Heretofore, electronic devices have typically responded to external, asynchronous events, such as a low battery interrupt, by forcing the device to immediately enter a low power reset mode by turning off the system clock. Thus, as discussed above, in devices where the processor is performing relatively sophisticated tasks, immediately shutting down its system clock may result in loss of data, or more significantly, may prevent the system from properly restarting when the low battery condition is corrected.
The present invention is directed to overcoming, or at least reducing the effects of, one or more of the problems set forth above.
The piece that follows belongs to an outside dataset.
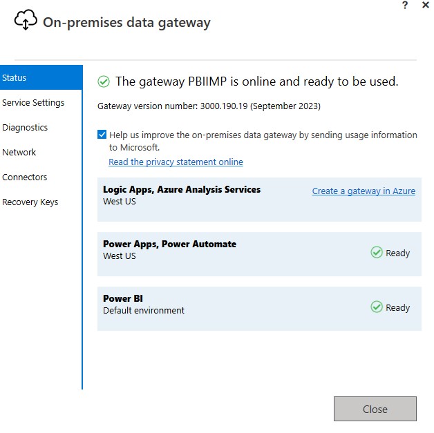 The status shown above indicates that our recently registered or created gateway is operational and is available for connecting on-premises data sources.
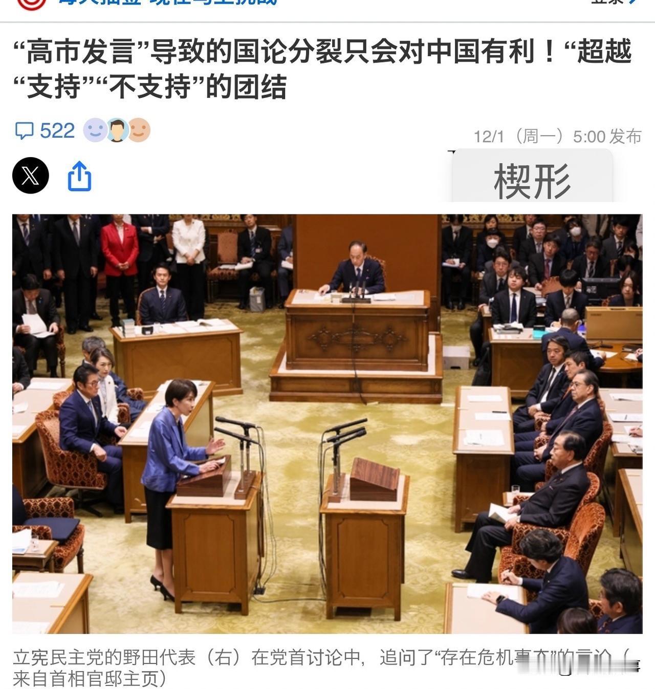 坐不住了!日本表态! 来自日媒最新报道称“高市早苗早苗的错误言论,无论支持不支持都导致日本国内分裂,这样只会有利于中国。” 报道里还提到“台湾问题对中方来说是核心利益,他们正在加强武力使用的可能性,这才是真正的危机事态。” 有评论表示,小日子在我们宝岛问题上从来都是包藏祸心,高市这次摊牌后,就“龟缩”起来不敢出声。我们决不能一了了之,必须要她道歉,正式收回错误言论。

In one aspect of the present invention, a method is provided. The method is used to control a reset operation of a device. The method includes delivering a first signal indicating that a voltage supply has fallen below a first preselected level. The device receives the first signal and delivers a second signal acknowledging that the device is prepared to enter a reset mode of operation. Thereafter, a reset signal is delivered to the device to cause the device to enter a reset mode of operation in response to receiving the first signal and the acknowledging signal.
In another aspect of the present invention, a system is provided. The system includes a detector, first and second processors, and a reset circuit. The detector is capable of delivering a first signal in response to detecting a preselected condition. The first processor is adapted to receive the first signal and deliver an acknowledge signal indicating that the first processor will enter a reset mode of operation in response to receiving a reset signal. The second processor is adapted to enter the reset mode of operation in response to receiving the first signal. The reset circuit is adapted to deliver a reset signal to the first processor in response to receiving the first signal and the acknowledge signal.
In another aspect of the present invention, an apparatus for controlling a reset operation of a device is provided. The apparatus includes a logic circuit and a timer. The logic circuit is adapted to deliver a reset signal to the device in response to receiving a low battery signal and an acknowledge signal from the device indicating that the device has received the low battery signal and is prepared to enter the reset mode of operation. The timer is adapted to deliver a clock disable signal to a system clock a preselected period of time after receiving the low battery and acknowledge signals.
In yet another aspect of the present invention, a system is provided. The system includes a detector, a reset circuit and a processor. The detector is capable of delivering a first signal in response to detecting a preselected condition. The processor is adapted to receive the first signal and deliver an acknowledge signal indicating that the first processor will enter a reset mode of operation in response to receiving a reset signal. The reset circuit is adapted to deliver a reset signal to the processor in response to receiving the first signal and the acknowledge signal.